The second difference is that there is a distinction to be made between shouting from frustration, and shouting because a house is being destroyed and no one is paying attention. Another way to say this is that given enough time—perhaps ten thousand years—even my father could probably heal, but what about the people whose souls he murders in the meantime? And what about the secondary damage caused by those whose own destructiveness had its genesis in the violence he did to them: my siblings, for example, when they pass on damage to their children. In contrast to the Buddhists on the panel who blew the question about compassion, my loyalty lies with the innocent, and I need to do whatever I can to stop the damage.

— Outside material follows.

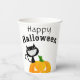These funny Halloween Party paper cups for kids feature a silly and smiling black cat sitting on top of a bright orange jack o' lantern pumpkin. The text reads "Happy Halloween" in distressed lettering.

It’s a fine line to walk, that of waiting for the arrival of understanding—for kairos—and the need for action. I am active now. In my twenties I was not. I believe my present level of energy is a result of having fallen deeply into my lethargy then. Had there been no time of sleep, there could not now be this time of awakening, but instead I would still be as I was before, turning most of my energy inward to maintain the imprisonment of my own emotions.
I need to now step away from much of what I’ve just been saying. To believe for a moment that what I was doing in Nevada and after constituted “lazing about,” or “inaction,” makes plain another form of silencing, once again of the unseen. Hidden here is the absurd presumption that to flip burgers or repair televisions is more important and difficult than to shake off the effects of a coercive upbringing and education, and insofar as possible to vomit out the internalized voices of a coercive and deeply violent culture. This is but one more way we value production over life.